Confessions of a Linux Penguin: August 2010

Tuesday, August 24, 2010

Droid or iPhone?

On the left side, weighing in at 4.3 inches, the Motorola Droid X. This massive hunka hunka burnin' cell phone love is running a 1ghz TI OLED processor and has 8gb of built-in memory for programs and 16gb of Microsd memory for data, as well as an 8 megapixel camera.

On the right side, weighing in at 3.8 inches, the Apple iPhone 4. This sleek little beauty is running an 800mhz Samsung A4 with a 5 megapixel camera whose sensor is the same size as the Droid's (i.e., fewer, but more sensitive, pixels).

So who is the winner? The iPhone 4's camera, despite fewer pixels, is definitely better than the Droid X camera. As in, ridiculously good. On the other hand, the iPhone 4 is more tightly-walled than any previous iPhone. As in, jailbreaking it to run "unauthorized" software is ridiculously difficult. Given the way AT&T and Apple cripple the thing, that's a major problem. The iPhone's screen is too teensy for my not-as-young-as-they-used-to-be eyes. On the other hand, it also has the iPod ecosphere with it, and tight integration with my Macbook Pro, and all my current software will continue working with it.

The Droid X, on the other hand, is easily "rooted". Motorola has created their own ecosphere of sorts, with a car dock and charger, home docks, etc. so that you can do pretty much the same things as with the Apple ecosphere. It doesn't by default have any integration with my Macbook Pro, but a third-party program called The Missing Sync will do most of that. The big screen is nice for older eyes. But Android itself is ugly and clunky, though serviceable.

So who's the winner? Call it a draw -- for now. Which presents a problem, because my aging iPhone 3G really is not liking iOS 4.0, everything runs really slow and clunky. Maybe I ought to flip a coin... or maybe if I wait a few more months, the horse will sing. Hmm...

-ELG

Migration concluded

The penguin has now landed at a new employer. I'll update my LinkedIn profile with that information after I've had a few days to de-stress and relax... the past couple of weeks have been a wild, wild ride, reminding me a bit of the last couple of weeks before the deadline for a major new product. But having too much interest in your skills definitely beats the alternative :).

-- ELG

Monday, August 9, 2010

Action items

I had joined the company a few weeks earlier and was sitting in yet another raucous meeting. The latest attempt at a new product had failed, and the blame-casting and finger-pointing were at full tilt. Finally I sighed, and added my own say. "Look. I'm new here and I don't know what all has gone on, and really don't care who's to blame for what, blame isn't going to get anything done. What I want to know is, what do we need to do now?"

Person 1: "Well, we failed because we weren't using software engineering system X" (where X is some software engineering scheme that was popular at the time).

"Okay, so we'll use software engineering system X, I have no objection to using any particular system, as long as we use one. What's the first thing we need to do, in that system?"

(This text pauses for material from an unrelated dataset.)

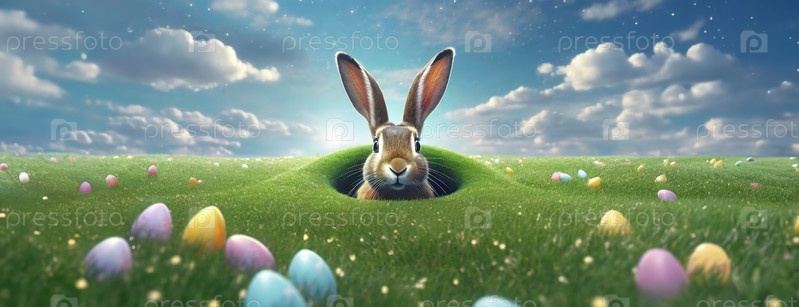 Странный кролик заглядывает из норы посреди поля пасхальных яиц.Скрытое среди зеленой травы существо выглядит как нежный час весеннего наслаждения

Person 2: "We need to figure out what we want the product to do."

"Okay, let's do that. What is the product supposed to do?"

We discussed it for a while, then from there the meeting devolved into a list of action items, and eventually broke up with another meeting scheduled to work on the detailed functional requirements. But on the whiteboard before we left, I had already sketched out the basics of "what we want it to do", and eventually that turned into an architecture and then a product that is still being sold today, many years later.

So what's my point? Simple: Meetings must be constructive. One of the things my teacher supervisors told me, when I first entered the classroom, was to always ask myself, what do I want the students to be doing? And then communicate it. A classroom where every student knows what he's supposed to be doing at any given time is a happy classroom. Idle hands being the devil's workshop and all that. The same applies to meetings. Unless it's intended to be an informational meeting, meetings should always be about, "what do we want to do". And meetings should never be about blame-casting, finger-pointing, or any of the other negative things that waste time at meetings. No product ever got shipped because people pointed fingers at each other.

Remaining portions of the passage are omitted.